_WHAT TO DO_: From the first line to the last, return the data exactly as it stands.

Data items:
Start of Block

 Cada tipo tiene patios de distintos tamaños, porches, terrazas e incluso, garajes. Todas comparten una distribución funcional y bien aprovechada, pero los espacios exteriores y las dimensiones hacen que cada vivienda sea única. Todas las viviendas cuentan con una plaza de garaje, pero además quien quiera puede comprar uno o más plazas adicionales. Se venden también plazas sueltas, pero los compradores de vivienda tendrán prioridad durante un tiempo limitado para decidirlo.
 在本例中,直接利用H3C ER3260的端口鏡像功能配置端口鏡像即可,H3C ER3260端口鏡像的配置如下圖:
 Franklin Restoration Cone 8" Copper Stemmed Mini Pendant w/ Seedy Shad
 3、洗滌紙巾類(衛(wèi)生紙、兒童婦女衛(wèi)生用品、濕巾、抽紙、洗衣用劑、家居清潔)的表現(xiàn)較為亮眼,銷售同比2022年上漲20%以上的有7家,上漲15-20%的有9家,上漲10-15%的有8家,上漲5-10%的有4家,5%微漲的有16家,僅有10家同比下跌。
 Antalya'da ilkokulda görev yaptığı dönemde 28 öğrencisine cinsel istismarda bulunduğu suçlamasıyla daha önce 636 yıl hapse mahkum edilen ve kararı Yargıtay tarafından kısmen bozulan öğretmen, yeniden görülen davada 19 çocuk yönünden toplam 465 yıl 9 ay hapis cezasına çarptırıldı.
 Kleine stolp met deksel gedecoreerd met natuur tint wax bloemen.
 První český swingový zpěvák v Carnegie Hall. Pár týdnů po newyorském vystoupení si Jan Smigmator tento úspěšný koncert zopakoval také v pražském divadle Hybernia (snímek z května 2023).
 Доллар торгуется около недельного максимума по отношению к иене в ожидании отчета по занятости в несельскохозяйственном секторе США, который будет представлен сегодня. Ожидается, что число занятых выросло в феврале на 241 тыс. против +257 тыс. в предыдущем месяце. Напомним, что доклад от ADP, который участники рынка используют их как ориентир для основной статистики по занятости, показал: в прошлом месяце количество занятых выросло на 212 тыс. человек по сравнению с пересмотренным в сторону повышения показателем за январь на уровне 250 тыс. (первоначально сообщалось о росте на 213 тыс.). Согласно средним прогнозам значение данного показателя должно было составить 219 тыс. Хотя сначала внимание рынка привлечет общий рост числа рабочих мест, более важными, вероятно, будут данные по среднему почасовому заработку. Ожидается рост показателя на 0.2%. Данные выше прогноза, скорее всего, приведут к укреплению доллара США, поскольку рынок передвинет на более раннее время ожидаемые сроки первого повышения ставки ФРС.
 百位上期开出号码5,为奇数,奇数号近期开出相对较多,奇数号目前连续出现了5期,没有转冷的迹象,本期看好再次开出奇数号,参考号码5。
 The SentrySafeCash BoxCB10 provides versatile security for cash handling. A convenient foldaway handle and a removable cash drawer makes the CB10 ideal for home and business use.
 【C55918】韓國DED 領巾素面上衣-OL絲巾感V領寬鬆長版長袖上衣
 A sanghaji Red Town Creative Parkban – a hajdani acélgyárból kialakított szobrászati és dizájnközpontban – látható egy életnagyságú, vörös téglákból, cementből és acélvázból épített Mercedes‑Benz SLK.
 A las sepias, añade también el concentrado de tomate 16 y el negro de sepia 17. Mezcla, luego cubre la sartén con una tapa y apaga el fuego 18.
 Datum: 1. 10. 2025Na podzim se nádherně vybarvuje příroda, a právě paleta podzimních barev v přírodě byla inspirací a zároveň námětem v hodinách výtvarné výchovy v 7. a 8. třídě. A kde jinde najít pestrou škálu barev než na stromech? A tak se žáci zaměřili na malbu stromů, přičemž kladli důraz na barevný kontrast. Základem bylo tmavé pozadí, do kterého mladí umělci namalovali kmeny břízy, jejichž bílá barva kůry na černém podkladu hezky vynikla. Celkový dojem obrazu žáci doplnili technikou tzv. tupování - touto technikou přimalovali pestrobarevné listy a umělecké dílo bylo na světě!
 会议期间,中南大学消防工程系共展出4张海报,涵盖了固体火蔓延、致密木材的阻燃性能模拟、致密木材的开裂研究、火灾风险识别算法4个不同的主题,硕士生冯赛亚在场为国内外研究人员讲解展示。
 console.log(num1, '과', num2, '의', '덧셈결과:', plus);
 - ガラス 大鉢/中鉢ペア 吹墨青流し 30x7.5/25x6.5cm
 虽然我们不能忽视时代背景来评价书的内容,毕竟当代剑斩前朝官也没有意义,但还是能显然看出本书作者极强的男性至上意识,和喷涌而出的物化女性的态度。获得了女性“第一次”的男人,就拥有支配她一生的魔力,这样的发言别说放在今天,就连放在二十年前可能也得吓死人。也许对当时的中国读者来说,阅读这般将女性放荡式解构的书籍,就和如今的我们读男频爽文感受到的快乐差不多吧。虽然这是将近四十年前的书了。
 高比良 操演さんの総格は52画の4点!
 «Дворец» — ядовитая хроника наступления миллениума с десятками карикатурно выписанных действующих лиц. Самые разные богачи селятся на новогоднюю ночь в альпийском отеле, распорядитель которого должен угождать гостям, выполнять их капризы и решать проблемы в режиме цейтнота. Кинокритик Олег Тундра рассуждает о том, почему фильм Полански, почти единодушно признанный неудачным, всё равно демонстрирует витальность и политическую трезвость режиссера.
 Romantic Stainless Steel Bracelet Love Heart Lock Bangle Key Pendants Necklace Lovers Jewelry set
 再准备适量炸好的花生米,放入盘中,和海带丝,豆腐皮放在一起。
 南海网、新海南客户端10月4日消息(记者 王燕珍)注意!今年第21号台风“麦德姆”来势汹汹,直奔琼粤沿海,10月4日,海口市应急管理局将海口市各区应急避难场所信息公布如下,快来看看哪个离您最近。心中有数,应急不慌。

End of Block

_RESPONSE AREA_:
 Cada tipo tiene patios de distintos tamaños, porches, terrazas e incluso, garajes. Todas comparten una distribución funcional y bien aprovechada, pero los espacios exteriores y las dimensiones hacen que cada vivienda sea única. Todas las viviendas cuentan con una plaza de garaje, pero además quien quiera puede comprar uno o más plazas adicionales. Se venden también plazas sueltas, pero los compradores de vivienda tendrán prioridad durante un tiempo limitado para decidirlo.
 在本例中,直接利用H3C ER3260的端口鏡像功能配置端口鏡像即可,H3C ER3260端口鏡像的配置如下圖:
 Franklin Restoration Cone 8" Copper Stemmed Mini Pendant w/ Seedy Shad
 3、洗滌紙巾類(衛(wèi)生紙、兒童婦女衛(wèi)生用品、濕巾、抽紙、洗衣用劑、家居清潔)的表現(xiàn)較為亮眼,銷售同比2022年上漲20%以上的有7家,上漲15-20%的有9家,上漲10-15%的有8家,上漲5-10%的有4家,5%微漲的有16家,僅有10家同比下跌。
 Antalya'da ilkokulda görev yaptığı dönemde 28 öğrencisine cinsel istismarda bulunduğu suçlamasıyla daha önce 636 yıl hapse mahkum edilen ve kararı Yargıtay tarafından kısmen bozulan öğretmen, yeniden görülen davada 19 çocuk yönünden toplam 465 yıl 9 ay hapis cezasına çarptırıldı.
 Kleine stolp met deksel gedecoreerd met natuur tint wax bloemen.
 První český swingový zpěvák v Carnegie Hall. Pár týdnů po newyorském vystoupení si Jan Smigmator tento úspěšný koncert zopakoval také v pražském divadle Hybernia (snímek z května 2023).
 Доллар торгуется около недельного максимума по отношению к иене в ожидании отчета по занятости в несельскохозяйственном секторе США, который будет представлен сегодня. Ожидается, что число занятых выросло в феврале на 241 тыс. против +257 тыс. в предыдущем месяце. Напомним, что доклад от ADP, который участники рынка используют их как ориентир для основной статистики по занятости, показал: в прошлом месяце количество занятых выросло на 212 тыс. человек по сравнению с пересмотренным в сторону повышения показателем за январь на уровне 250 тыс. (первоначально сообщалось о росте на 213 тыс.). Согласно средним прогнозам значение данного показателя должно было составить 219 тыс. Хотя сначала внимание рынка привлечет общий рост числа рабочих мест, более важными, вероятно, будут данные по среднему почасовому заработку. Ожидается рост показателя на 0.2%. Данные выше прогноза, скорее всего, приведут к укреплению доллара США, поскольку рынок передвинет на более раннее время ожидаемые сроки первого повышения ставки ФРС.
 百位上期开出号码5,为奇数,奇数号近期开出相对较多,奇数号目前连续出现了5期,没有转冷的迹象,本期看好再次开出奇数号,参考号码5。
 The SentrySafeCash BoxCB10 provides versatile security for cash handling. A convenient foldaway handle and a removable cash drawer makes the CB10 ideal for home and business use.
 【C55918】韓國DED 領巾素面上衣-OL絲巾感V領寬鬆長版長袖上衣
 A sanghaji Red Town Creative Parkban – a hajdani acélgyárból kialakított szobrászati és dizájnközpontban – látható egy életnagyságú, vörös téglákból, cementből és acélvázból épített Mercedes‑Benz SLK.
 A las sepias, añade también el concentrado de tomate 16 y el negro de sepia 17. Mezcla, luego cubre la sartén con una tapa y apaga el fuego 18.
 Datum: 1. 10. 2025Na podzim se nádherně vybarvuje příroda, a právě paleta podzimních barev v přírodě byla inspirací a zároveň námětem v hodinách výtvarné výchovy v 7. a 8. třídě. A kde jinde najít pestrou škálu barev než na stromech? A tak se žáci zaměřili na malbu stromů, přičemž kladli důraz na barevný kontrast. Základem bylo tmavé pozadí, do kterého mladí umělci namalovali kmeny břízy, jejichž bílá barva kůry na černém podkladu hezky vynikla. Celkový dojem obrazu žáci doplnili technikou tzv. tupování - touto technikou přimalovali pestrobarevné listy a umělecké dílo bylo na světě!
 会议期间,中南大学消防工程系共展出4张海报,涵盖了固体火蔓延、致密木材的阻燃性能模拟、致密木材的开裂研究、火灾风险识别算法4个不同的主题,硕士生冯赛亚在场为国内外研究人员讲解展示。
 console.log(num1, '과', num2, '의', '덧셈결과:', plus);
 - ガラス 大鉢/中鉢ペア 吹墨青流し 30x7.5/25x6.5cm
 虽然我们不能忽视时代背景来评价书的内容,毕竟当代剑斩前朝官也没有意义,但还是能显然看出本书作者极强的男性至上意识,和喷涌而出的物化女性的态度。获得了女性“第一次”的男人,就拥有支配她一生的魔力,这样的发言别说放在今天,就连放在二十年前可能也得吓死人。也许对当时的中国读者来说,阅读这般将女性放荡式解构的书籍,就和如今的我们读男频爽文感受到的快乐差不多吧。虽然这是将近四十年前的书了。
 高比良 操演さんの総格は52画の4点!
 «Дворец» — ядовитая хроника наступления миллениума с десятками карикатурно выписанных действующих лиц. Самые разные богачи селятся на новогоднюю ночь в альпийском отеле, распорядитель которого должен угождать гостям, выполнять их капризы и решать проблемы в режиме цейтнота. Кинокритик Олег Тундра рассуждает о том, почему фильм Полански, почти единодушно признанный неудачным, всё равно демонстрирует витальность и политическую трезвость режиссера.
 Romantic Stainless Steel Bracelet Love Heart Lock Bangle Key Pendants Necklace Lovers Jewelry set
 再准备适量炸好的花生米,放入盘中,和海带丝,豆腐皮放在一起。
 南海网、新海南客户端10月4日消息(记者 王燕珍)注意!今年第21号台风“麦德姆”来势汹汹,直奔琼粤沿海,10月4日,海口市应急管理局将海口市各区应急避难场所信息公布如下,快来看看哪个离您最近。心中有数,应急不慌。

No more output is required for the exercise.